§ Instructions to follow
Starting with the line that holds "Fig. 19. Sáhara." and stopping after the line that holds "march18 jody 151 [640x480].JPG", repeat the lines below word for word, without the pictures.

§ Material to process

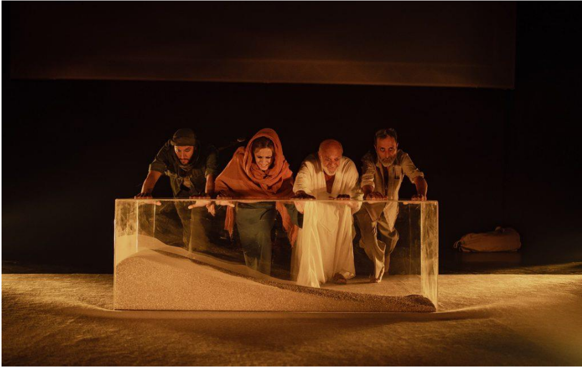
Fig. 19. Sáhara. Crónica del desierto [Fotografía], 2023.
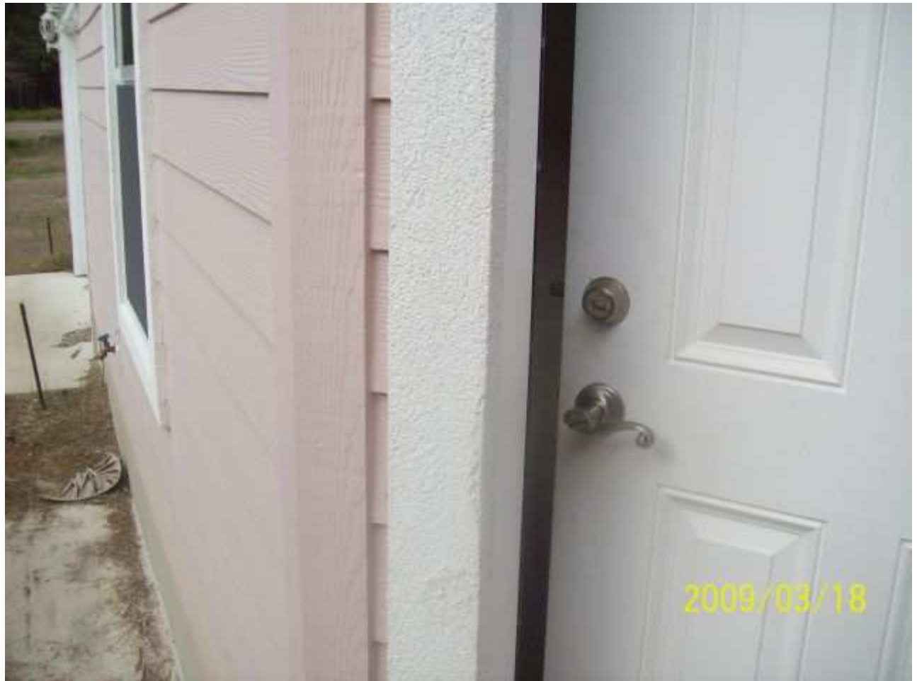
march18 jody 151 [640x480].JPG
==
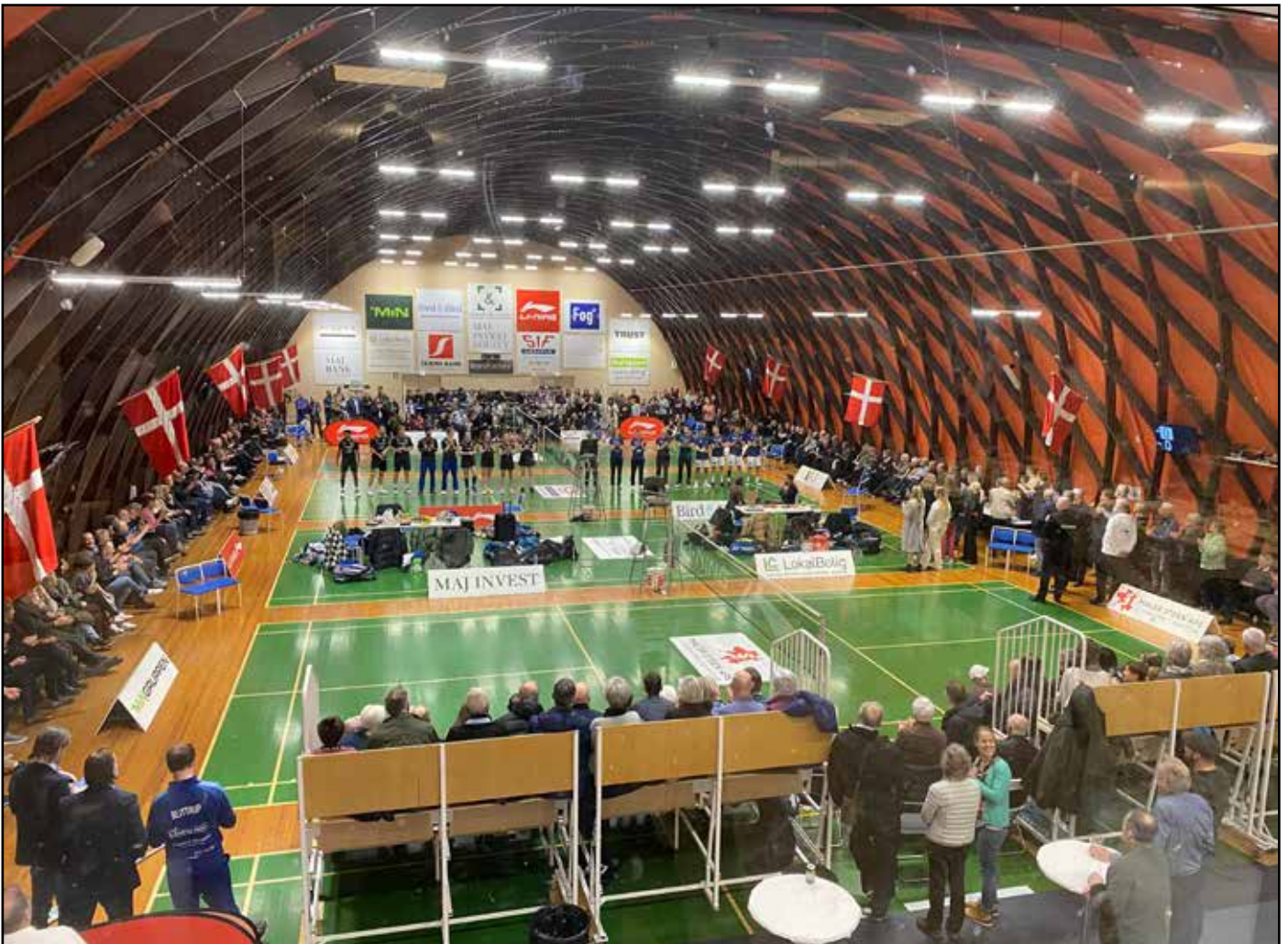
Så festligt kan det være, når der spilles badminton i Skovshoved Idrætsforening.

§ Solution below
Fig. 19. Sáhara. Crónica del desierto [Fotografía], 2023.
march18 jody 151 [640x480].JPG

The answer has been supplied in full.